Public school in Mill Hill, London

Mill Hill School is a 13–18 co-educational private, day and boarding school in Mill Hill, London, England that was established in 1807. It is a member of the Headmasters' and Headmistresses' Conference.

==History==
A committee of Nonconformist merchants and ministers, including John Pye-Smith founded the school, originally called Mill Hill Grammar School, for boys on 25 January 1807. They located it sufficiently distant of London at that time, because of "dangers both physical and moral awaiting youth while passing through the streets of a large, crowded and corrupt city". A boarding house was opened in the residence once occupied by Peter Collinson, with about 20 boys. John Atkinson was the first headmaster and chaplain until 1810. (Note: John Atkinson was later head of Wymondley College.)
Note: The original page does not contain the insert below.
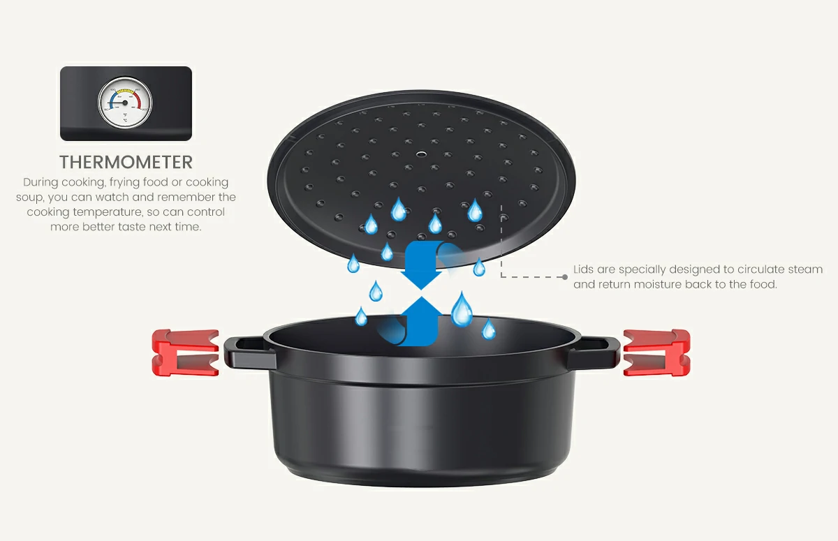 Product Overview of Red Dot induction Nonstick 6-Piece Cookware Set: Our high-performance red dot cooking pan cookware set feature durable solid cast aluminum ensure consistent, even heat distribution and retention for superior energy efficiency.The cast aluminum lid is specially designed to spread condensation evenlythroughout the dish keeping food moist and consistent throughout. Thermometer of cooking pans with red dot shows temperature for cooking control.Great for all heat surfaces, including induction. Oven safe.

Mill Hill School occupies a 120 acre site, part of which formed the gardens of Ridgeway House, the house of the botanist Peter Collinson. He was one of the most important importers of rare and exotic plants into English gardens. Many of the species that he introduced to Mill Hill in the 18th century continue to grow today in the grounds of the School. In 1746 Collinson planted Britain's first hydrangea on the grounds, now located adjacent to School House.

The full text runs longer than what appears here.